● INPUT DATA
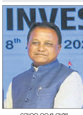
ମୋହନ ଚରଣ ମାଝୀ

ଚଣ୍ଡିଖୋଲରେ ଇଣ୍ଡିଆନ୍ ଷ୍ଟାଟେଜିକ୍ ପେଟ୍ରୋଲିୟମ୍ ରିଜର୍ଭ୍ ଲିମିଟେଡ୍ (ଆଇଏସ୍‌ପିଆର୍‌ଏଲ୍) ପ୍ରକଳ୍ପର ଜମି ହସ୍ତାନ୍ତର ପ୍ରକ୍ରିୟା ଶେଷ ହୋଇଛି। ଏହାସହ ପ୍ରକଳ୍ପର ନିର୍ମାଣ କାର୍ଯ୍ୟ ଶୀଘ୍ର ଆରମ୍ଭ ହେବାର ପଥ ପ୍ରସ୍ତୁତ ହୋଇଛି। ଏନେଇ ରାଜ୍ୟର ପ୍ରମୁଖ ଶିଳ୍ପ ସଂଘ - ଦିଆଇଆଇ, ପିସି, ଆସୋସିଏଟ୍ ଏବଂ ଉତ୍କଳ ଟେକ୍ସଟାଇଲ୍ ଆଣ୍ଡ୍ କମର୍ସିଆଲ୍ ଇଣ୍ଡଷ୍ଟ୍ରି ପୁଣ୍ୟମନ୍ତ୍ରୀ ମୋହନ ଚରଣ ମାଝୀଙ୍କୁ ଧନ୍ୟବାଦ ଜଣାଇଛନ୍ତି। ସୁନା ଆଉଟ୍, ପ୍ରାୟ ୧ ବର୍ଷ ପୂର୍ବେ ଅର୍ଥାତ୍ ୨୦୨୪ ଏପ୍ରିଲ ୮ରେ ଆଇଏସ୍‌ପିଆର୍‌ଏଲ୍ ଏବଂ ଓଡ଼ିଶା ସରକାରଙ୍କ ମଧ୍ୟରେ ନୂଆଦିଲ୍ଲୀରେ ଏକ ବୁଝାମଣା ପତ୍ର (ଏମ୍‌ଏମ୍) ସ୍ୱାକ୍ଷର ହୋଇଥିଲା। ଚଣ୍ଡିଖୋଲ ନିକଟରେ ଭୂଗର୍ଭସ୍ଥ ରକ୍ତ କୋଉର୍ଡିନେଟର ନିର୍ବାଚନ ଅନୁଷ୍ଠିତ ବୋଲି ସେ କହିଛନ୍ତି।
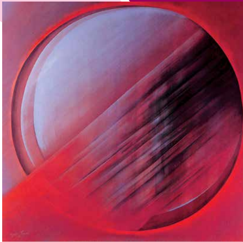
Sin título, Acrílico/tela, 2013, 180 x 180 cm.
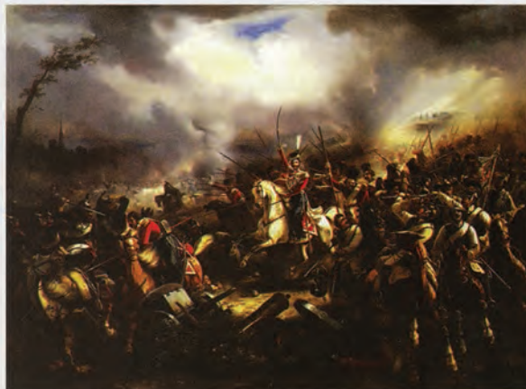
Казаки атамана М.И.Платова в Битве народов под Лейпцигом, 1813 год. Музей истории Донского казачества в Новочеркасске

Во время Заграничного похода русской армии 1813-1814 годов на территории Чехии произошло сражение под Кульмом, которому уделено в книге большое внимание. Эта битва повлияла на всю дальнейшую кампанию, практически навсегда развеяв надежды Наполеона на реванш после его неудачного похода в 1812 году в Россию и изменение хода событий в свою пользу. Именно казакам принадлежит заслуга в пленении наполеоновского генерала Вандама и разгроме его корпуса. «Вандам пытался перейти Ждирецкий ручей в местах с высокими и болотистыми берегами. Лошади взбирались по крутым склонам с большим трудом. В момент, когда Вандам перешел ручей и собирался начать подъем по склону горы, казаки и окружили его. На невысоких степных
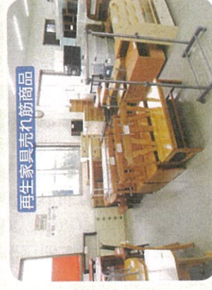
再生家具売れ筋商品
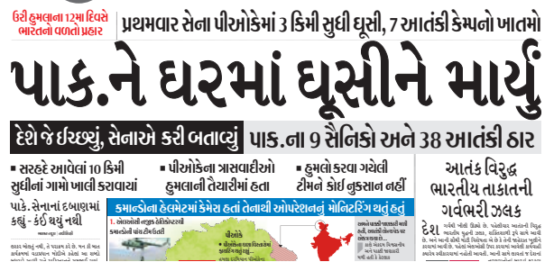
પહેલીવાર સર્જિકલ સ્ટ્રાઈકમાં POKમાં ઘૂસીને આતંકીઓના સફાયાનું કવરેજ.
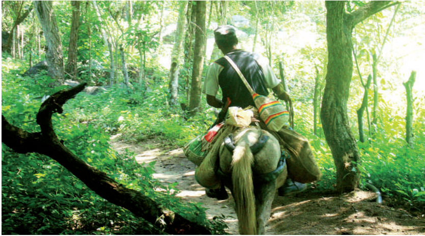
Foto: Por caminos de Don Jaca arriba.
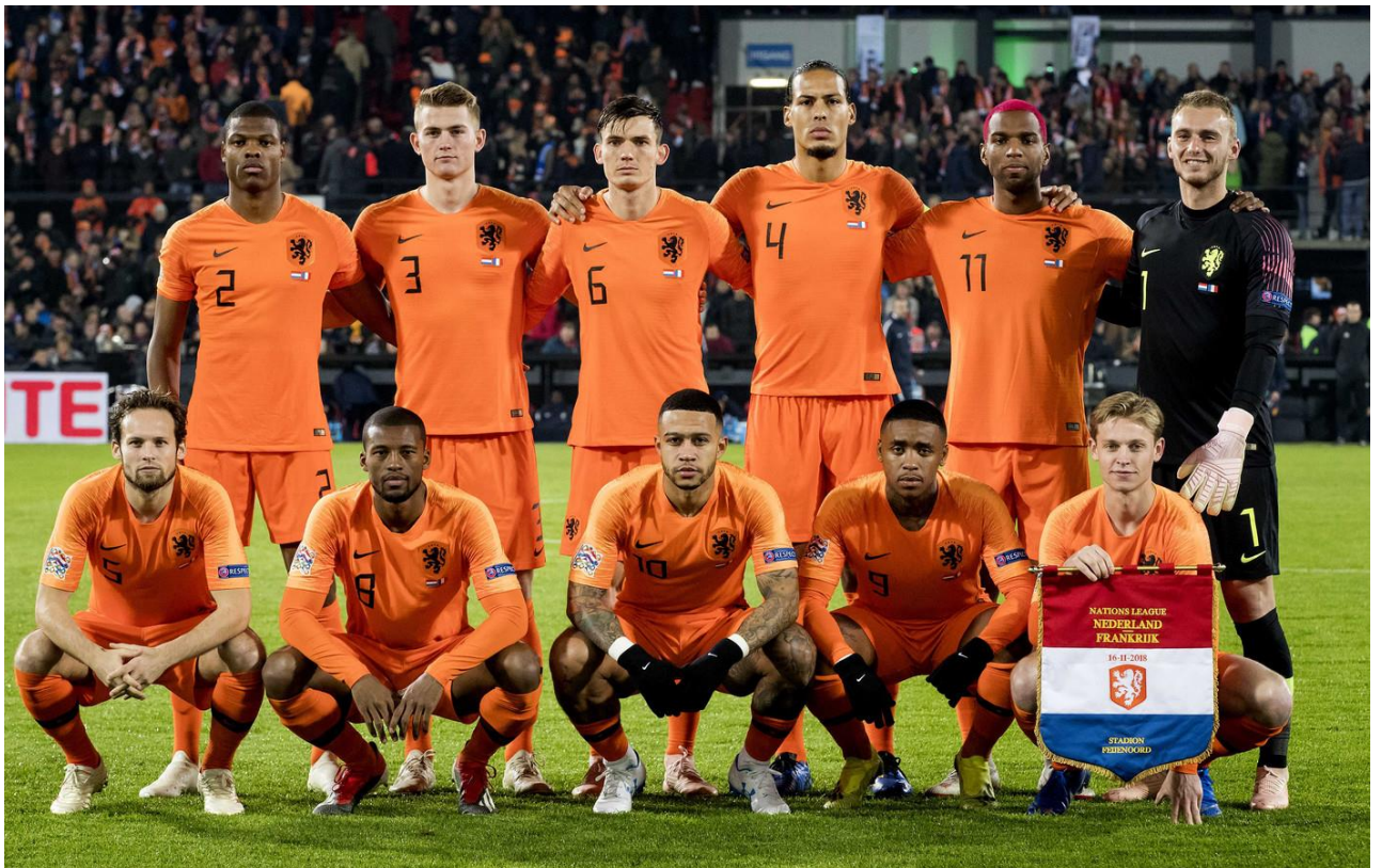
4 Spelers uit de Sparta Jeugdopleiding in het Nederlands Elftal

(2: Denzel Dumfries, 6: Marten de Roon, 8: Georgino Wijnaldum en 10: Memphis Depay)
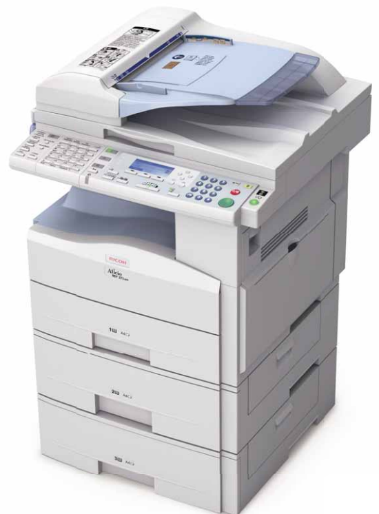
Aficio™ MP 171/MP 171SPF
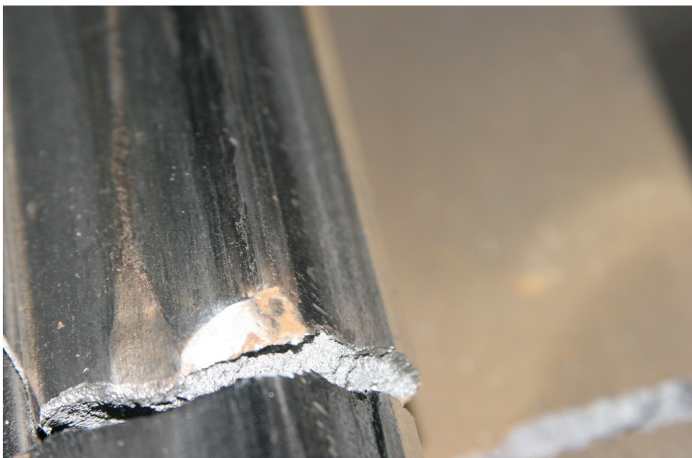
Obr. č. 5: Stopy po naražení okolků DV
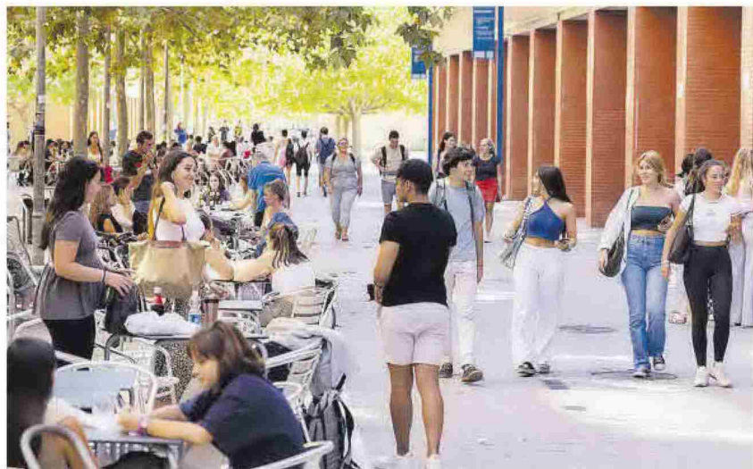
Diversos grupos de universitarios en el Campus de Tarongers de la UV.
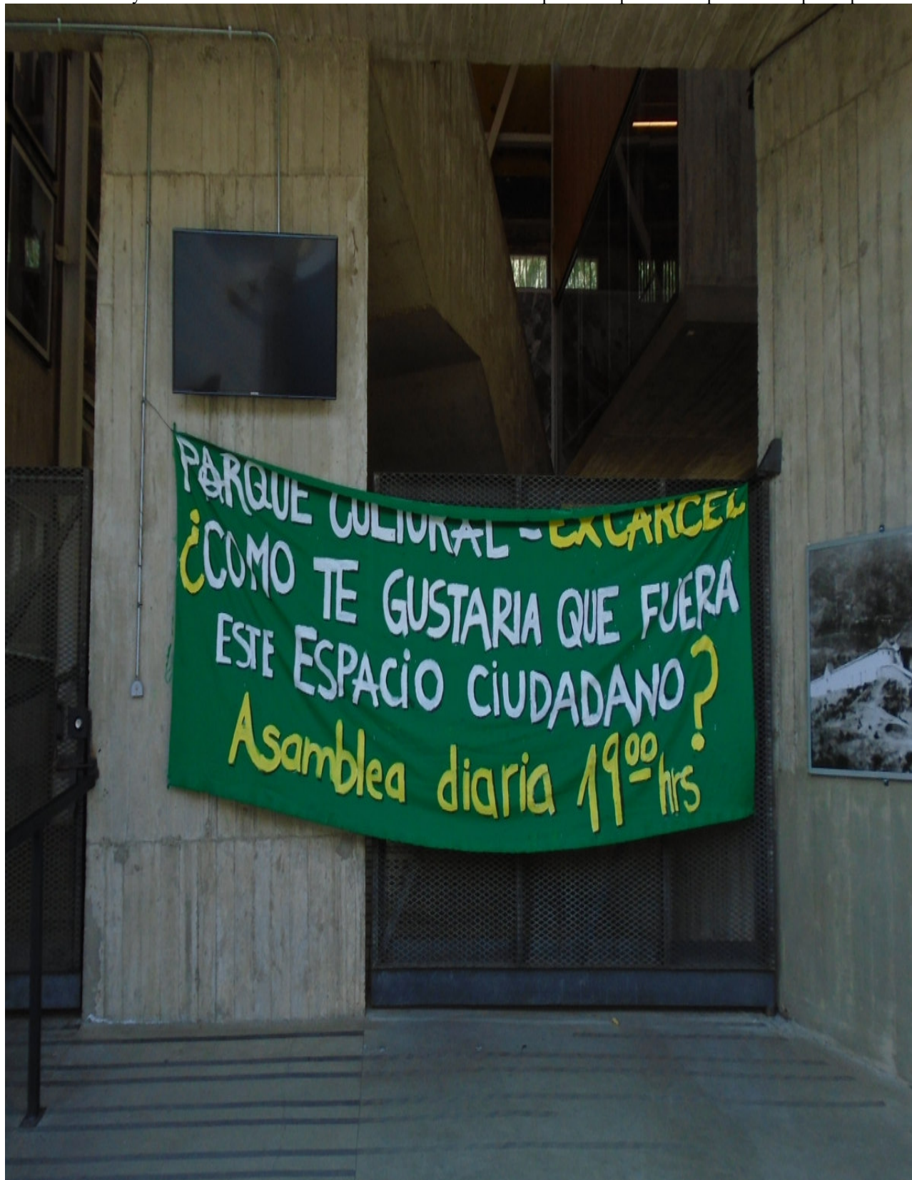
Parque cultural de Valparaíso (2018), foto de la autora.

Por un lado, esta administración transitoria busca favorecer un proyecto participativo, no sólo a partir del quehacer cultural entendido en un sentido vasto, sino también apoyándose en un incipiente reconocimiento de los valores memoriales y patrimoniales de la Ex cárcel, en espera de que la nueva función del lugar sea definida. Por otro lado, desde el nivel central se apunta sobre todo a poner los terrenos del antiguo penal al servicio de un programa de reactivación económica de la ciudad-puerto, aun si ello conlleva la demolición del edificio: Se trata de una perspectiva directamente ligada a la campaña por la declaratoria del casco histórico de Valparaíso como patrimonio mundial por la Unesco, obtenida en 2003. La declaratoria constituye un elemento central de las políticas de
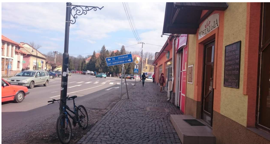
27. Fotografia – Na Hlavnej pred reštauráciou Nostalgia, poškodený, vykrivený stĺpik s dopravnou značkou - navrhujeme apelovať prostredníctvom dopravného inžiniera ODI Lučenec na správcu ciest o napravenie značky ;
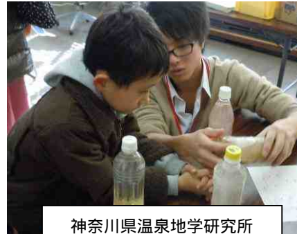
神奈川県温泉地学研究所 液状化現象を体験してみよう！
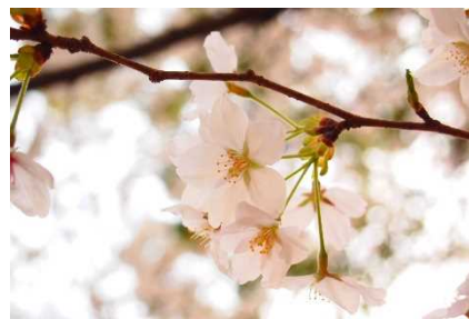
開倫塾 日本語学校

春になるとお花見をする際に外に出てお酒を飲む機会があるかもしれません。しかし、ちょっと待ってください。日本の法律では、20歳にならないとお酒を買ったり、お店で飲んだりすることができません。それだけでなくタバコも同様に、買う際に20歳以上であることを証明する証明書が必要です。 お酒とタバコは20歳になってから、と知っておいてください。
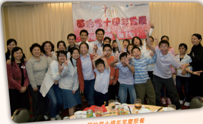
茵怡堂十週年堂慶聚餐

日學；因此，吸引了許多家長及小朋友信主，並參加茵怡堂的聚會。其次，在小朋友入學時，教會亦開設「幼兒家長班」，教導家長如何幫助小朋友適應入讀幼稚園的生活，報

● TASK TO CARRY OUT
Print exactly, with no pictures, the lines above from the one that holds "(2: Denzel Dumfries, 6: Marten" through the one that holds "Parque cultural de", both of them included.

● SOLUTION TO THE PROBLEM
(2: Denzel Dumfries, 6: Marten de Roon, 8: Georgino Wijnaldum en 10: Memphis Depay)
Aficio™ MP 171/MP 171SPF
Obr. č. 5: Stopy po naražení okolků DV
Diversos grupos de universitarios en el Campus de Tarongers de la UV.
Parque cultural de Valparaíso (2018), foto de la autora.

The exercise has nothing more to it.